Your answer must be a word-for-word copy of the listing below, minus its pictures.

Provided data:
▼

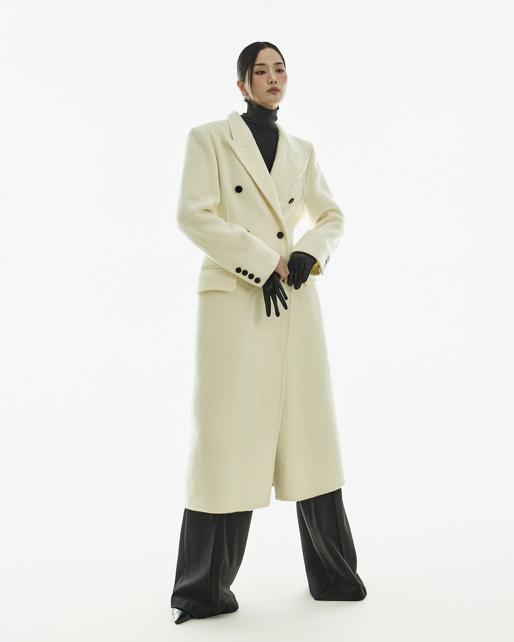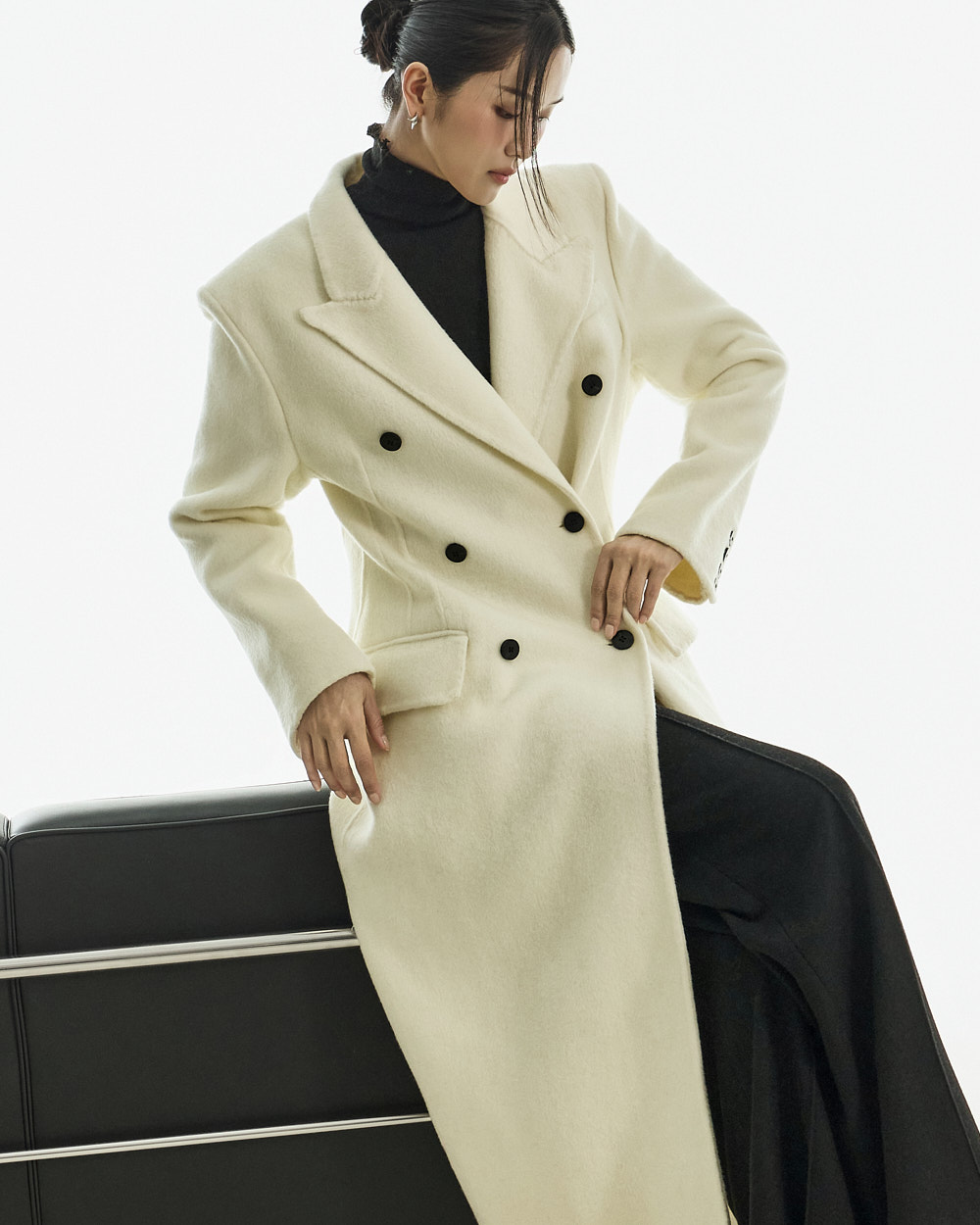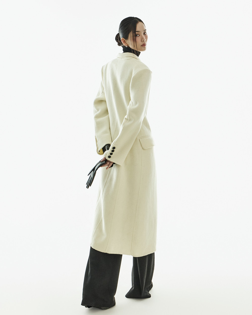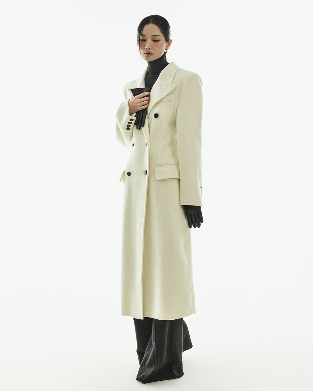 正式氛围的西装剪裁大衣。 以修身的腰线设计与经典版型呈现,从日常通勤的办公造型到正式场合都能干净利落地搭配使用的单品。 西装翻领与正面双排扣细节带来端正利落的印象,加长的衣身长度打造出稳重且高级的整体轮廓。 搭配肩垫与双侧口袋设计,提升实用性,采用羊毛材质制作,穿着温暖舒适,同时展现出高级质感,提供 S、M 两个尺码选择的商品。 173CM 模特穿着 S 尺码,IVORY 颜色。
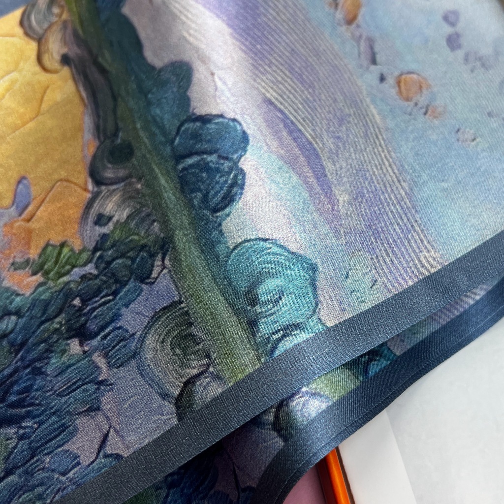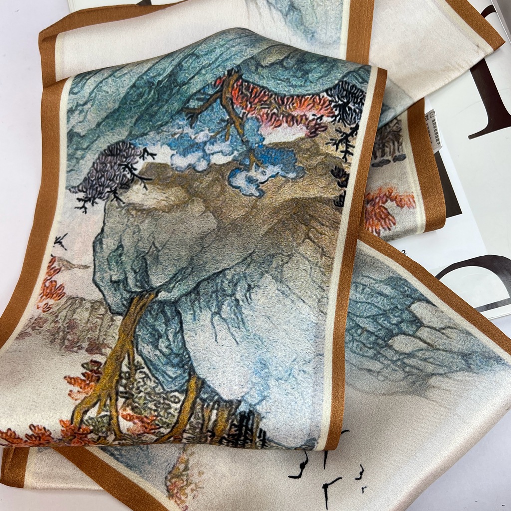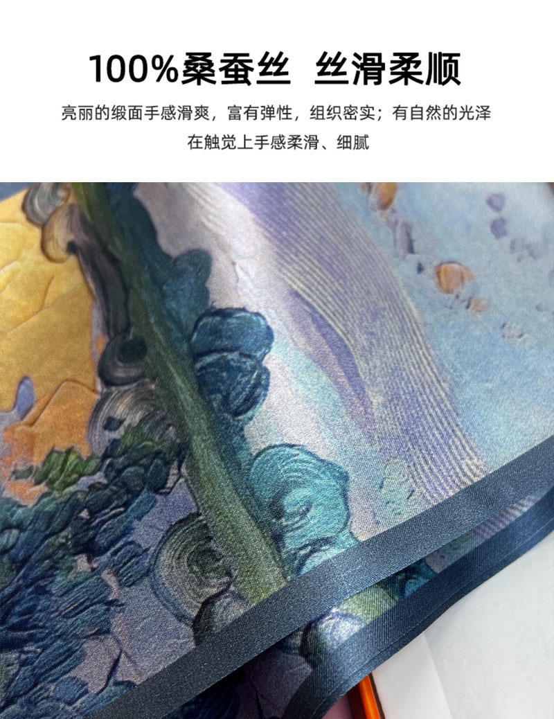 새로운 셔츠 스카프 뽕나무 실크 스카프 어머니의 날 선물 2024 유화 블루 실크 긴 스카프스토어 가기
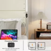 - Built-in Charging Station: Stay connected with easy-access USB and Type-C ports on the headboard

▲

Written answer:
 正式氛围的西装剪裁大衣。 以修身的腰线设计与经典版型呈现,从日常通勤的办公造型到正式场合都能干净利落地搭配使用的单品。 西装翻领与正面双排扣细节带来端正利落的印象,加长的衣身长度打造出稳重且高级的整体轮廓。 搭配肩垫与双侧口袋设计,提升实用性,采用羊毛材质制作,穿着温暖舒适,同时展现出高级质感,提供 S、M 两个尺码选择的商品。 173CM 模特穿着 S 尺码,IVORY 颜色。
 새로운 셔츠 스카프 뽕나무 실크 스카프 어머니의 날 선물 2024 유화 블루 실크 긴 스카프스토어 가기
 - Built-in Charging Station: Stay connected with easy-access USB and Type-C ports on the headboard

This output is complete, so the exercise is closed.